Indefinite integral $\int\sqrt{\frac{x+1}{x}}dx$

Question

Trying to solve: $$\int\sqrt{\frac{x+1}{x}}dx$$ I was thinking solving with substition: $$t=\frac{x+1}{x}$$ which would lead to $$dx=-\frac{1}{(t+1)^2}dt$$ The result being $$-\int\frac{\sqrt t}{(t+1)^2}dt$$
How do I proceed from here?

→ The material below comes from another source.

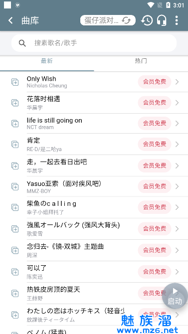 2.在搜索框里输入歌曲名称来找到歌曲,点击【启动】就能播放了;
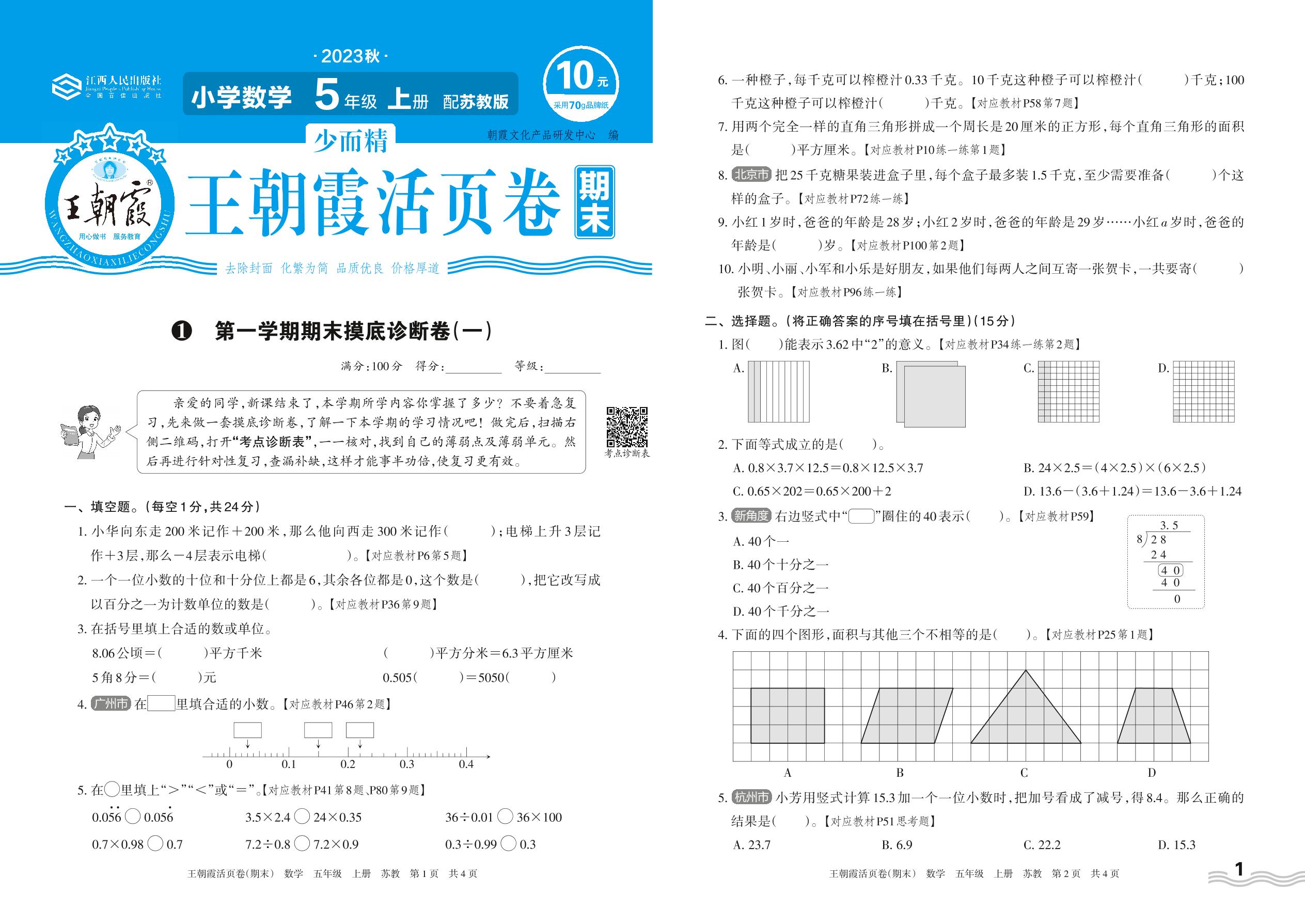 2023上册五年级数学苏教版 1 第一学期期末摸底诊断卷(一)

Or better yet, is there an easier way?

Answer 1

$$x = \sinh^2 t$$

$$\text{d}x = 2\cosh(t)\sinh(t)\ \text{d}t$$

$$x+1 = \cosh^2(t)$$

Hence

$$2\int \sqrt{\frac{\cosh^2 t}{\sinh^2 t}} \cosh t\sinh t\ \text{d}t$$

$$2\int \cosh^2 t\ \text{d}t$$

Which is trivial:

$$2\left(\frac{1}{2}\left(t + \cosh t\sinh t\right)\right)$$

So

$$t + \cosh t\sinh t$$

Now you are surely able to come back to $x$.

Answer 2

What about substituting

$$t^2=\frac{x+1}x=1+\frac1x\iff x=\frac1{t^2-1} \implies 2tdt=-\frac{dx}{x^2}\implies$$

$$dx=-\frac{2t\,dt}{(t^2-1)^2}\implies \int\sqrt\frac{x+1}x\;dx=-\int \frac{2t^2}{(t^2-1)^2}dt$$

and the above can be done more or less simply with partial fractions:

$$\frac{2t^2}{(t-1)^2(t+1)^2}=\frac A{t-1}+\frac B{(t-1)^2}+\frac C{t+1}+\frac D{(t+1)^2}\implies$$

$$2t^2=A(t-1)(t+1)^2+B(t+1)^2+C(t-1)^2(t+1)+D(t-1)^2$$

and etc.

Answer 3

Rationalise the numerator:

$\displaystyle \int \sqrt{\frac{x+1}{x}} \, \text{d}x = \int \frac{x+1}{\sqrt{x^2+x}} \, \text{d}x = \int \frac{2x+1}{2\sqrt{x^2+x}} + \frac{1}{2\sqrt{x^2+x}} \, \text{d}x$

The first part is a simple application of the reverse chain rule. The second part is the inverse hyperbolic sine formula, which is trivial once the square is completed.

Answer 4

\begin{align} Let \sqrt{x+1}+\sqrt{x}=t,\sqrt{x+1}-\sqrt{x}=1/t,\sqrt{x+1}=(t+1/t)/2,\sqrt{x}=(t-1/t)/2\\ x=(t-1/t)^2/4,dx=(t-1/t)(1+1/t^2)/2dt,\\ I=\frac{1}{2}\int\left(t+\frac{2}{t}+\frac{1}{t^3}\right)dt\\ =\frac{1}{2}\left(\frac{t^2}{2}+2\ln |t|-\frac{1}{2t^2}\right)+C\\ =\sqrt{x+1}\sqrt{x}+\ln |\sqrt{x+1}+\sqrt{x}|+C \end{align}

Answer 5

By the change of variable $2x=t-1$,

$$2\int\sqrt{\frac {x+1}x}dx=\int \sqrt{\frac{t+1}{t-1}}dt=\int\frac{t+1}{\sqrt{t^2-1}}dt=\sqrt{t^2-1}+\text{arsinh } t.$$